Hence, the Income Tax Department was directed by the High Court that in the future, the Income Tax Department will not take any such action on the basis of the information made available on the Insight Portal without proper verification as per the provisions of the Act.
Before issuing a notice under Section 148A(1) of the Income Tax Act, 1961, it is the responsibility and liability of the Jurisdictional Assessing Officer to verify the information made available on the Insight Portal, which suggests that the income chargeable to tax has escaped assessment in the case of the assessee for the relevant Assessment Year. If necessary, the Assessing Officer must conduct an inquiry with prior approval of the specified authority with respect to such information, and only after verification of the information made available to the Assessing Officer, the provisions of Section 148A(1) of the Act shall be invoked.

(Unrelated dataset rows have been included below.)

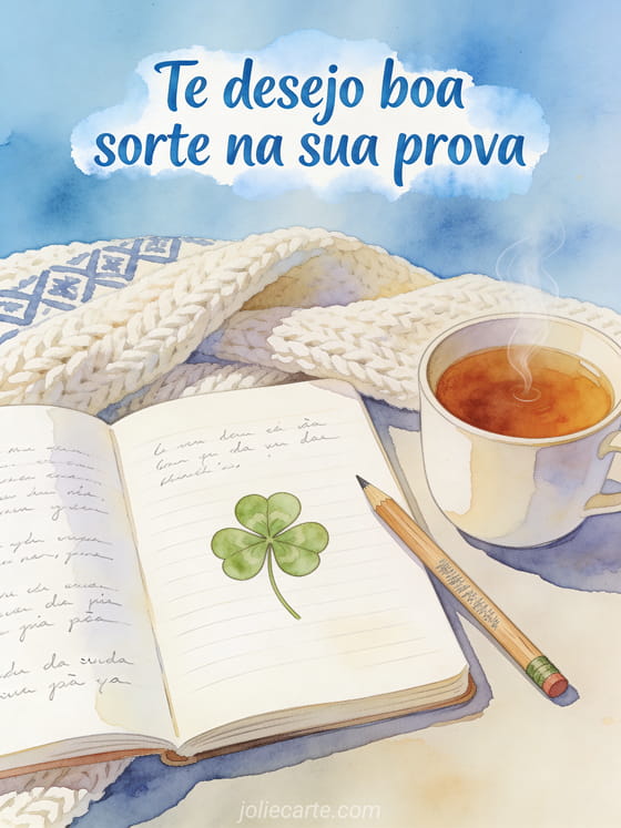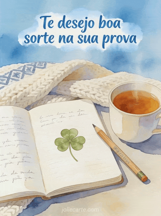 Envie um sincero desejo de boa sorte para uma prova com este cartao aconchegante com um caderno e um trevo de quatro folhas. Descubra também um gif de boa sorte para prova ou um cartao de desejos para prova.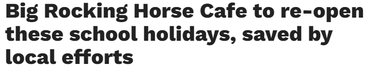 标题: Big Rocking Horse Cafe筹得重建款,将在学校假期前重新开业!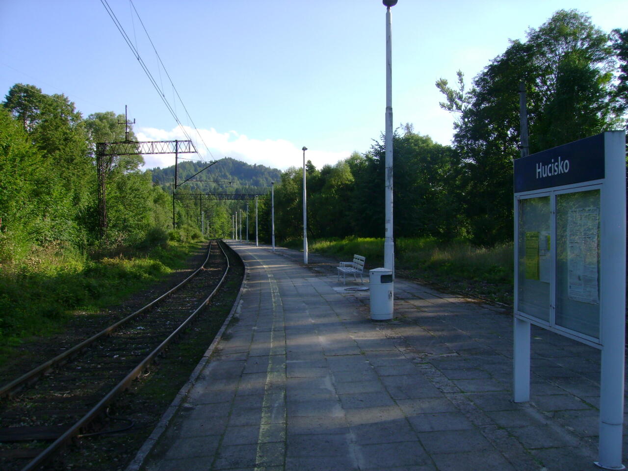 Hucisko. Widok w kierunku Żywca. Po lewej stronie oraz z prawej strony, za peronem starotorze po torach dodatkowych.
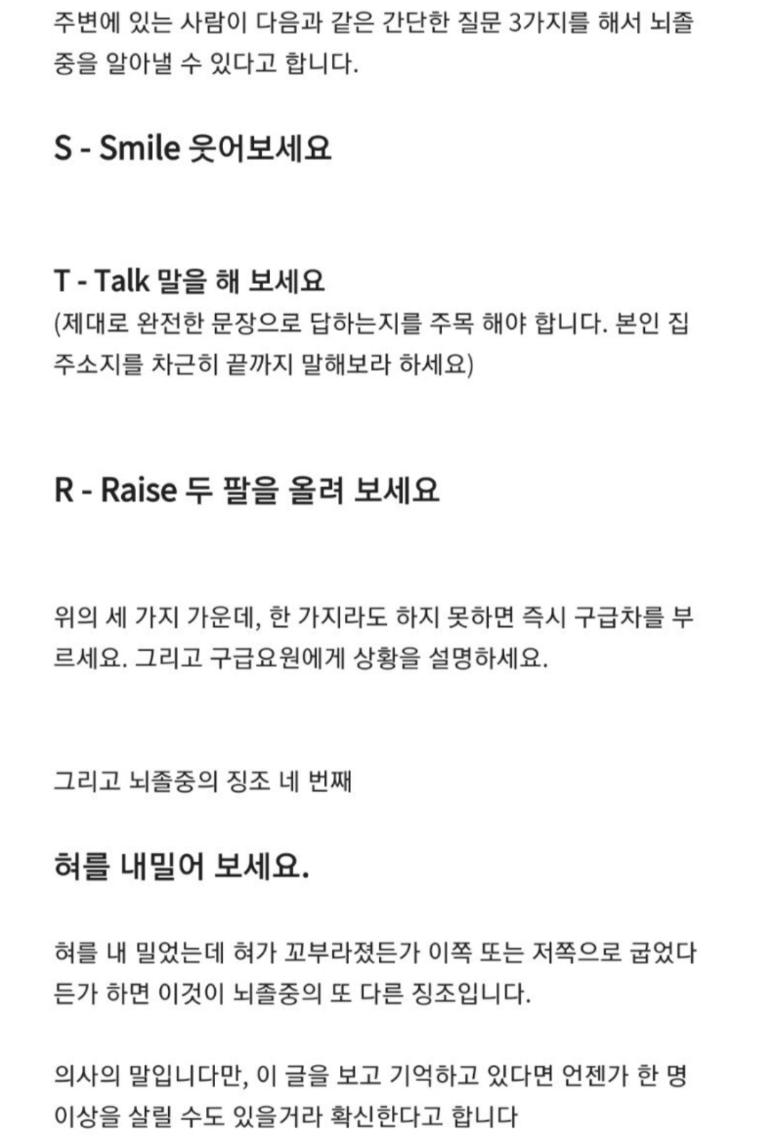 STR. SMILE: 웃어보라고했는디 입이 비틀어졌다면 뇌졸중 의심 TALK: 문장을 끝까지 하라고 했는디 끝마치지 못한다면 뇌졸중 의심 RAISE YOUR ARM: 두 팔을 다 들어보라고 했는디 제대로 못들면 뇌졸중 의심 세 개 중 한개라도 제대로 못할시 응급실 보내는게 안전. | 20.08.31 02:24 | | |
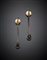 Round black diamond red gold pendant earrings, suspending two briolettes, g 7, length cm 5.50 circa.

Similarly, the Bombay High Court in the case of PR. COMMISSIONER OF INCOME TAX-3, PUNE vs. RAMELEX PRIVATE LTD [2025-VIL-286-BOM-DT] held that the Assessing Officer cannot make additions solely based on general information received from the Sales Tax Department, without proper proof of the transactions being bogus. The AO has to take into account all documents produced by the assessee, like purchase bills, ledger accounts, bank payment proofs, etc., to justify the genuineness of the purchases, and also a certificate from its VAT auditor regarding the correct amount of purchases from one of the alleged Hawala dealers, which was duly considered by the CIT(A) and ITAT.